== Exercise details ==
Find the line below with "This keepsake jewelry" and the line with "ich habe gerade". Output exactly those lines and everything between them, leaving out the pictures.

== Material to process ==
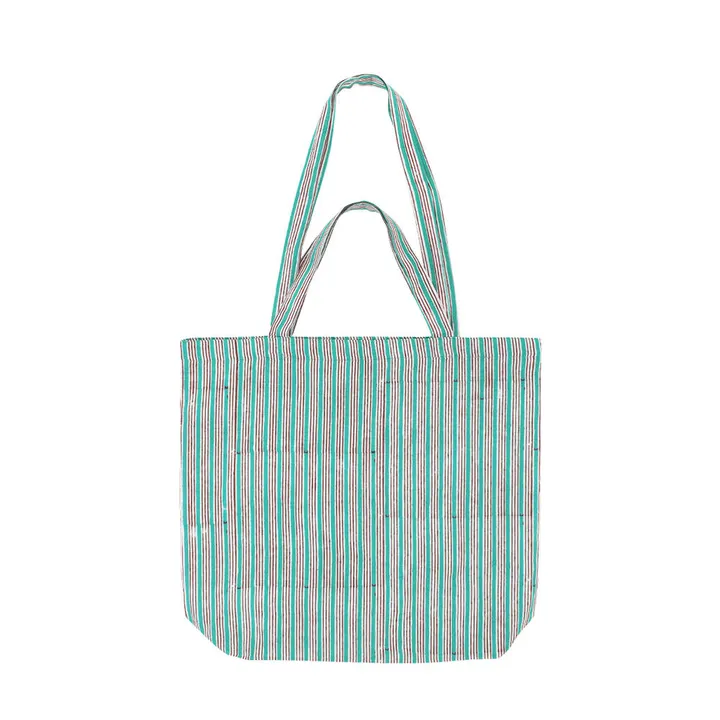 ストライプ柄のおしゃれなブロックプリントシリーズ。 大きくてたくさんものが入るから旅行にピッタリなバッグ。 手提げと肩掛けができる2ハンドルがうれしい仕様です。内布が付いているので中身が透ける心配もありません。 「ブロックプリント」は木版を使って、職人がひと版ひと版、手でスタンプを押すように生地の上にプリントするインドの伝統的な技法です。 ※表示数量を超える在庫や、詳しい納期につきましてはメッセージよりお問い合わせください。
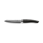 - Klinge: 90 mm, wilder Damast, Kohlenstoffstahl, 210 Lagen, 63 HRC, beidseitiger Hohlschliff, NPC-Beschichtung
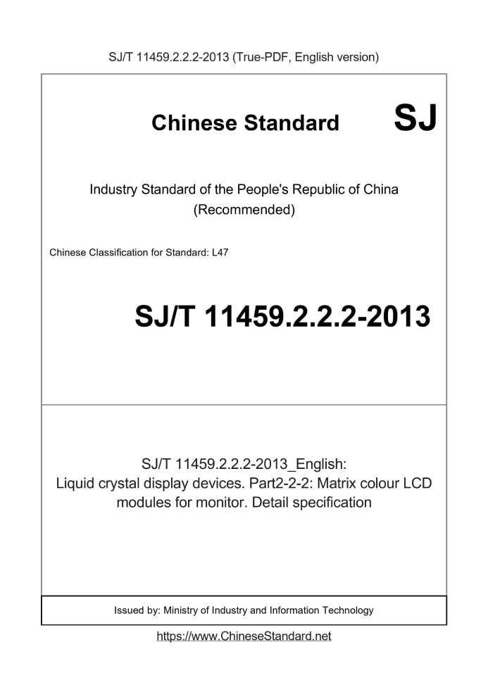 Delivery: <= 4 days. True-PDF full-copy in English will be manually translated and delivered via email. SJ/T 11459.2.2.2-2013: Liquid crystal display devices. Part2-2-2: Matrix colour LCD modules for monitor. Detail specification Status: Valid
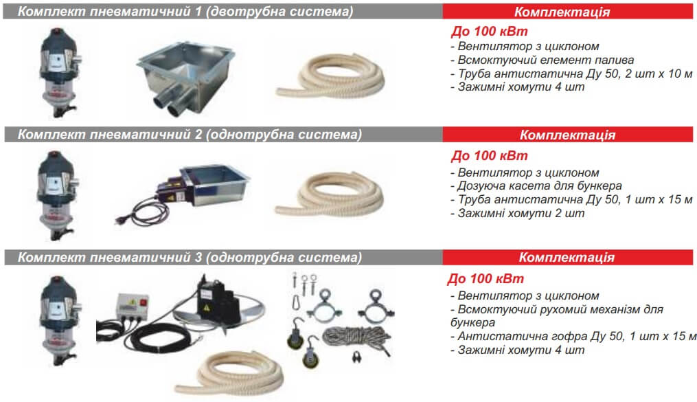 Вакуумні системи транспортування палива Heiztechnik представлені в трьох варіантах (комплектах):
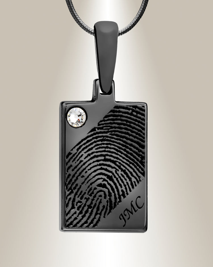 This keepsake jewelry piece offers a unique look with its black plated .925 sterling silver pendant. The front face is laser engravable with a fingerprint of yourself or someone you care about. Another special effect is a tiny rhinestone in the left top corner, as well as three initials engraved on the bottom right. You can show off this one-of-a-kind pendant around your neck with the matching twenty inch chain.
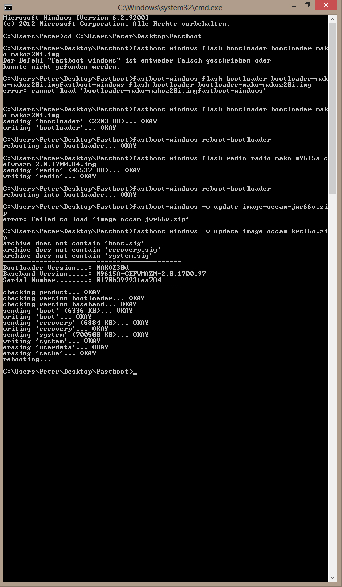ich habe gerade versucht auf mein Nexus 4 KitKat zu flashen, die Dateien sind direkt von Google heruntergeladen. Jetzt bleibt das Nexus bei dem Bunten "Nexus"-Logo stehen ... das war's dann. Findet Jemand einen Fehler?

...

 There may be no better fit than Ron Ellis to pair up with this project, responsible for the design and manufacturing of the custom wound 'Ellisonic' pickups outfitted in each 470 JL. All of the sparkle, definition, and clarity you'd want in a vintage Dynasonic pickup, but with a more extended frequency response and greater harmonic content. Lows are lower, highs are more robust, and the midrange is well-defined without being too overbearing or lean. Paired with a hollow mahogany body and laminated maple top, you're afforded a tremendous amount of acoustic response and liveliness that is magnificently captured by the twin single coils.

...

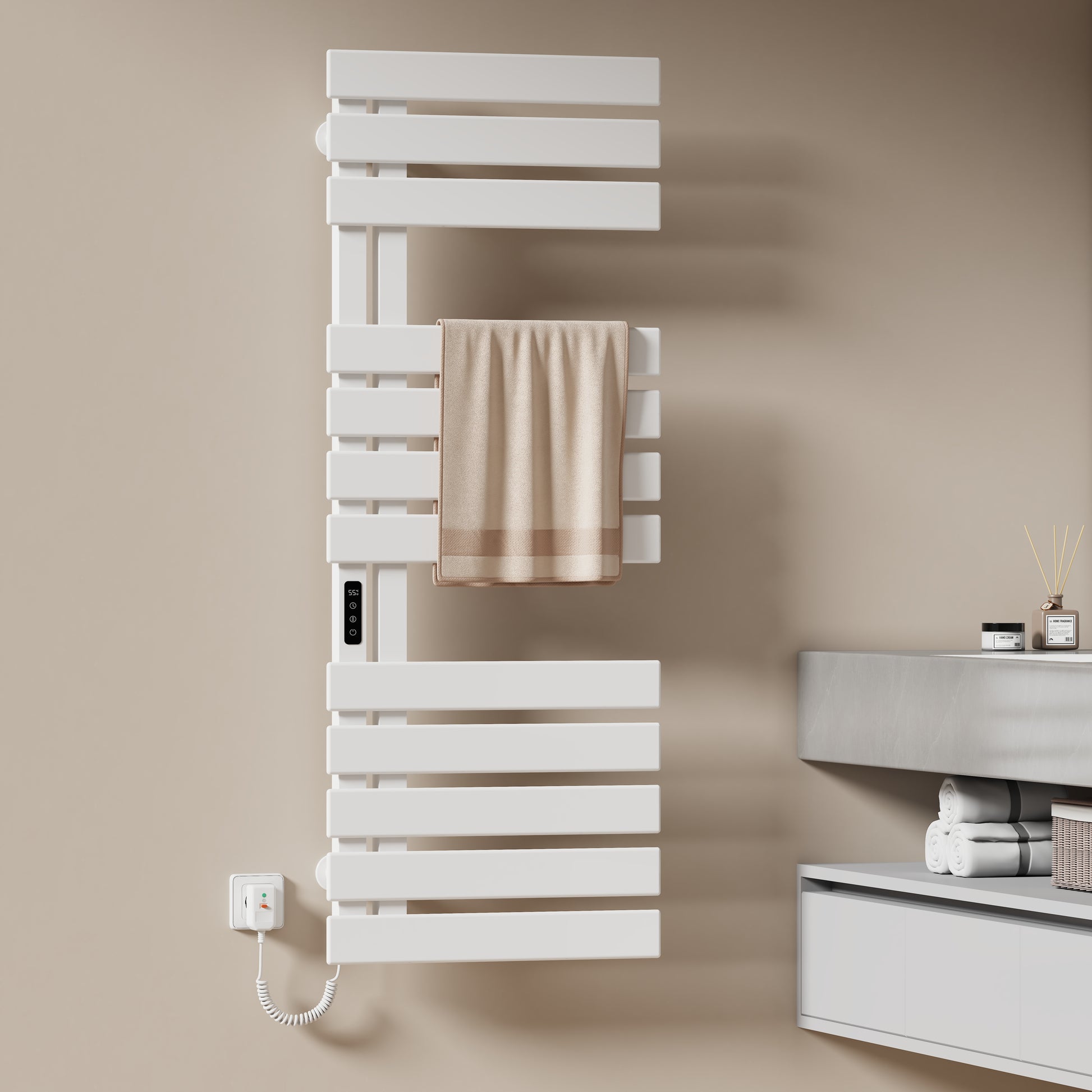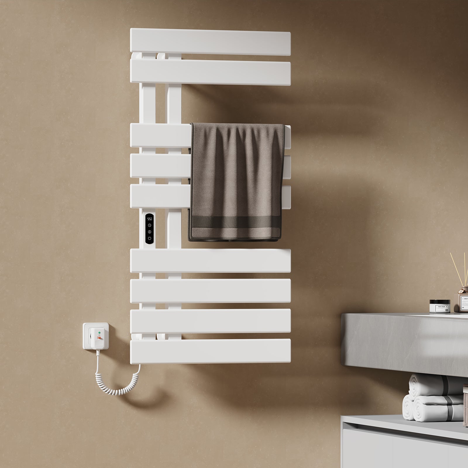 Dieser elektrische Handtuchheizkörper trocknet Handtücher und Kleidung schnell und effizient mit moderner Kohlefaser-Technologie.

== Exercise answer ==
 This keepsake jewelry piece offers a unique look with its black plated .925 sterling silver pendant. The front face is laser engravable with a fingerprint of yourself or someone you care about. Another special effect is a tiny rhinestone in the left top corner, as well as three initials engraved on the bottom right. You can show off this one-of-a-kind pendant around your neck with the matching twenty inch chain.
ich habe gerade versucht auf mein Nexus 4 KitKat zu flashen, die Dateien sind direkt von Google heruntergeladen. Jetzt bleibt das Nexus bei dem Bunten "Nexus"-Logo stehen ... das war's dann. Findet Jemand einen Fehler?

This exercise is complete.